The only part I find any truth in...is the highlighted part. And I do understand they have hard feelings against NV for cutting them off.
Its the Inquirer
Nvidia price protects channel partners
NVIDIA IS DOING a mighty strained dance right now over finances, one might almost call it twitching. In its usual way, the company is trashing partners to make its bottom lines look a little better.
The big problem came when Marv Burkett, Nvidia CFO, mouthed off on last quarter's conference call a couple of months ago, promising the financial world to raise margins by 100 basis points (one per cent for the non-finance people out there). The problem? He had to have known it couldn't be done. If we knew about massive problems like GT200 yields just days later, he had to have known when he was on the CC. That is between him and the SEC though.

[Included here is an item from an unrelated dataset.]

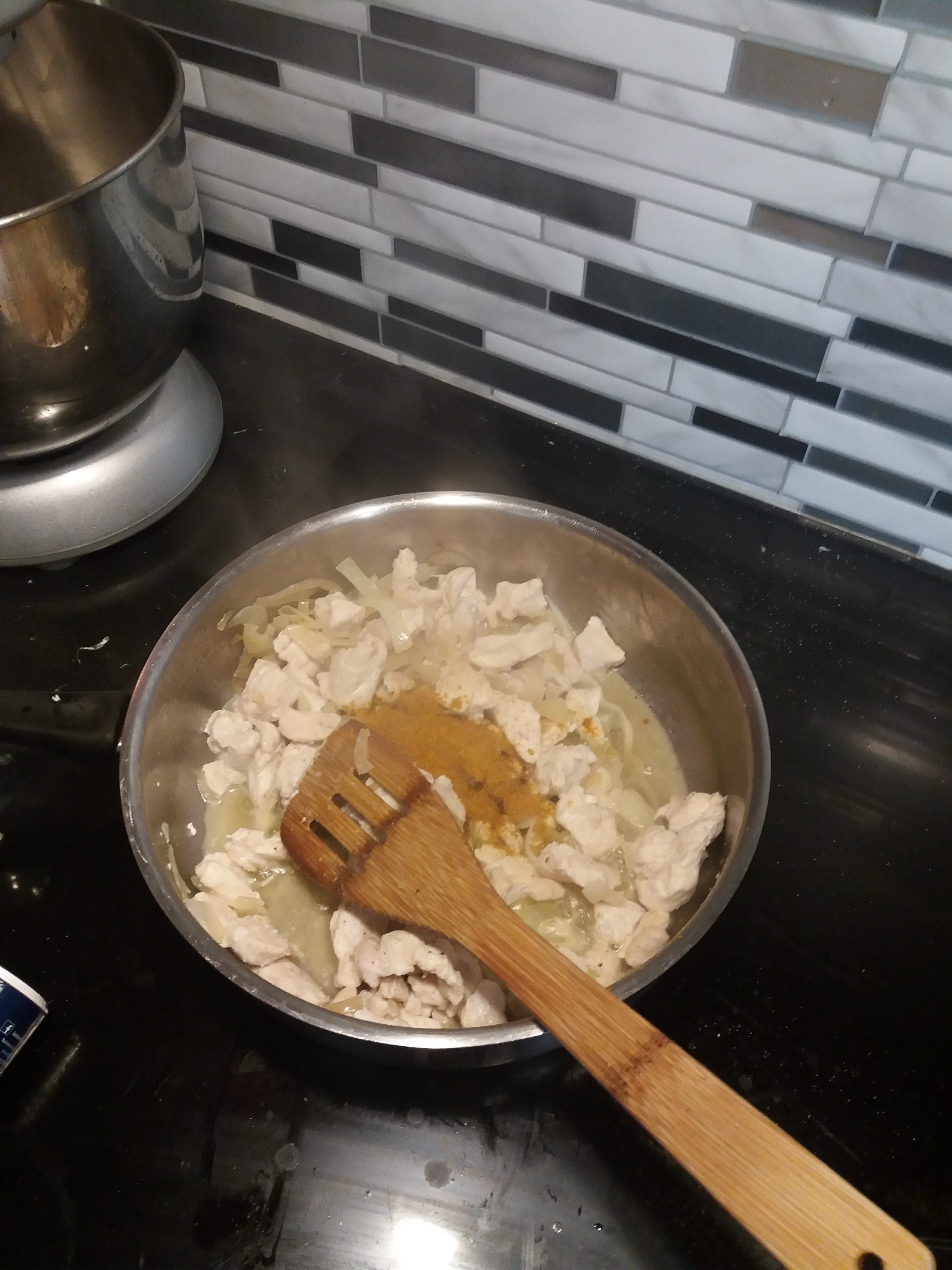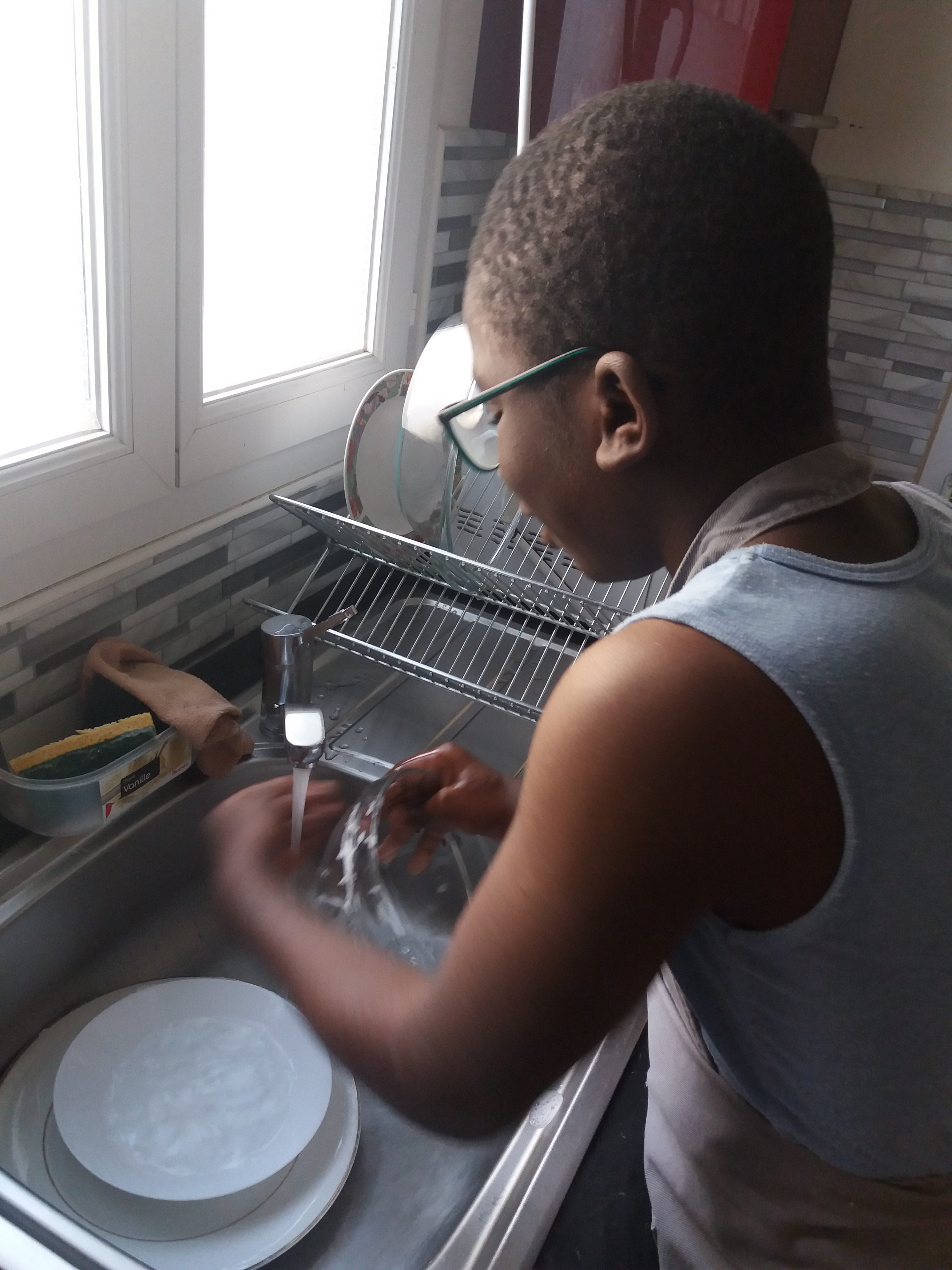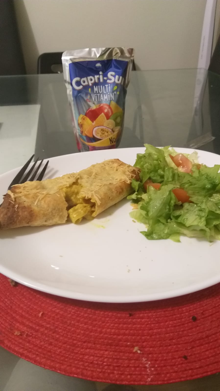Atelier autonomie. Juelson a souhaité apprendre à préparer des tacos au poulet-curry. Pour cela, il a coupé des oignons, des escalopes de poulet qu’il a ensuite fait revenir à la poêle. Il a ensuite fait une sauce au curry. Il a ensuite réalisé un pliage en règle après avoir garni sa galette de maïs. Le tout ira ensuite au four après une bonne couche de fromage râpé !!! un régal…

All this is fine and dandy, but compounded with the 9800GTX+ fiasco, it brings things to a whole new level. A week ago, the 9800GTX parts were selling for $270 or so.
Nvidia then
realised it was going to get its teeth kicked in by the 4850, and dropped the price to $199.

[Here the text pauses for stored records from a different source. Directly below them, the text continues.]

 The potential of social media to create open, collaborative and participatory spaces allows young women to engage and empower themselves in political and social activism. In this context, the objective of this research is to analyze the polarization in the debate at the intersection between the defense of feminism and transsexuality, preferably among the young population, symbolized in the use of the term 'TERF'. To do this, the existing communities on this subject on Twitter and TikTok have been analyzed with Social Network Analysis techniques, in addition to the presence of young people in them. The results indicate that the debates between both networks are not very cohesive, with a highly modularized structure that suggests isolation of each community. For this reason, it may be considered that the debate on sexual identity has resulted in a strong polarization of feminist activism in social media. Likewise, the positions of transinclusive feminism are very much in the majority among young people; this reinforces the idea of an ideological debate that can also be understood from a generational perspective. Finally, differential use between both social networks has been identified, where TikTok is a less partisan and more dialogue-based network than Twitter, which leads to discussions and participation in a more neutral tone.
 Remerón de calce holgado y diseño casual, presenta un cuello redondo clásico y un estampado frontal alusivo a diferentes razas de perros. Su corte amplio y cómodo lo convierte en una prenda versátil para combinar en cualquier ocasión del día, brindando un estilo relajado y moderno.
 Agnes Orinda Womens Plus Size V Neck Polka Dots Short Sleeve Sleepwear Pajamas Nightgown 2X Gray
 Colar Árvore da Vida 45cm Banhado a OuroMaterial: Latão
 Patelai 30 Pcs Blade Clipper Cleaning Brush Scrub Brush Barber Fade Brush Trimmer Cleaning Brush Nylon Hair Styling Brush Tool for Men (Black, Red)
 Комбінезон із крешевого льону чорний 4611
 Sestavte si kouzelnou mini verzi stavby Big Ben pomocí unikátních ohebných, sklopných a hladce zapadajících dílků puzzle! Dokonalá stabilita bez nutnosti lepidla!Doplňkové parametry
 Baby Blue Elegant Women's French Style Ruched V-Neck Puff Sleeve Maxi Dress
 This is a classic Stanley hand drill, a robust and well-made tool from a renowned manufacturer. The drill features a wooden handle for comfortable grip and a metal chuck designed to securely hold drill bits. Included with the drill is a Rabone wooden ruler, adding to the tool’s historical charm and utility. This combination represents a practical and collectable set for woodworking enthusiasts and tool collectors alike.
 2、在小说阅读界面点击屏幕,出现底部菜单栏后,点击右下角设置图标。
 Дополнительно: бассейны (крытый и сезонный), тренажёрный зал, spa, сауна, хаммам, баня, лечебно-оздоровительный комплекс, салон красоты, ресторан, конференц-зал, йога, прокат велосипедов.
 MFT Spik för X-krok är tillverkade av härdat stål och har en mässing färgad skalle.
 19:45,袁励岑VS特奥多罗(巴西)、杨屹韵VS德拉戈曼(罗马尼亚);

Nvidia will look you in the eye and tell you that it is because of a shrink of the G92 from 65nm to 55nm, aka the G92b. That explanation doesn't hold water, though. The difference between the BoM (Bill of Materials) for the two boards is almost entirely down to the silicon. For the G92, the die was 17x18mm, 306mm^2 for the math impaired. The shrink is 15.5x15.5mm or 240.25mm^2.
Pulling out the handy dandy INQUIRER TSMC Silicon Costing Calculator (R)(C)(TM) (ITSMCSCC for short, rhymes with 'FDIV bug'), we get cost of about $49 for the G92 and $39 for the G92b. This means that to meet 50+ per cent margins, they need to sell the kits for minimum $100 and $80 respectively, likely more when you take packaging into account.
If you recall back to that famous conference call, NV blamed the margin drop on crappy G92 yields. Fair enough. Now it is doing a shrink which increases defectivity going from 65 to 55, but gains them more die candidates, and gives a little better electrical characteristics. On top of that, it is upping the bins from 675MHz to 738, roughly 10 per cent higher clocks. There goes any cost savings from the shrink, but the fab gets lots of drop out 675MHz parts.
In the end, the cost savings from the shrink are little if any, but we will go with the $10 figure until we get the real numbers from our NV engineering moles in a few days. Let's also be generous and assume that the kit cost drops for both parts by $20, and that the boards go down by $5, something that is very unlikely, but not totally impossible.
With the 9800GTX priced at $200, the GTX+ priced at $230, and last week the GTX used to cost $270, we can deduce that $70 and $40 went to the great margin pool in the sky. Now, cost saving will eat $25 or so of this, leaving $45 and $15 respectively unaccounted for. Guess who eats that?
Well, immediately Nvidia does. In a generous move, the firm is price protecting the entire channel, top to bottom. People inside the green nuthouse tell us this is costing "tens of millions", but would not specify if it is high or low tens. Whoops, there go margins for the next CC... unless...
The 'unless' basically erases any goodwill the company might have earned with price protection, it is nuking MDF funding, so no more kickbacks for you. To make matters much happier, the top brass are simply reneging on already promised kickbacks, or so several partners are howling. The only reason to do this is to artificially pump up the margins next quarter on the backs of their partners. Wall Street, pay close attention to the details in the next Q's CC.
The real problem here is that while NV may make 50+ per cent margins, the partners are barely scraping by. 8800 class boards can't be made at a profit anymore, even on top of the $20 NV kickbacks, so the MDF funds were the only thing keeping some of them in the black... barely.
There is one huge NV partner which is essentially bankrupt, being kept alive only because it owes NV far too much money, and writing that off would raise far too many questions. Two or three others are looking longingly at greener pastures, or in this case, less green, and almost none is making any net money on NV products. The MDF removal will likely tip a few over unless NV acts quickly.
If these companies act quickly though, it will lessen their ability to cover up the margin loss, increasing their exposure to real questions during the next CC. If you know the egos involved, you probably realise how adverse they are to concepts like having to answer questions directly with consequences attached. Rock and a hard place.
To sum things up, if NV turns one way, it is screwed, if it turns the other, the partners are screwed. It's covering its own ass by taking partner funding and propping up an increasingly shaky bottom line. This is temporary though, one has to wonder about the partner count by year end, and what Nvidia will cover those losses up with.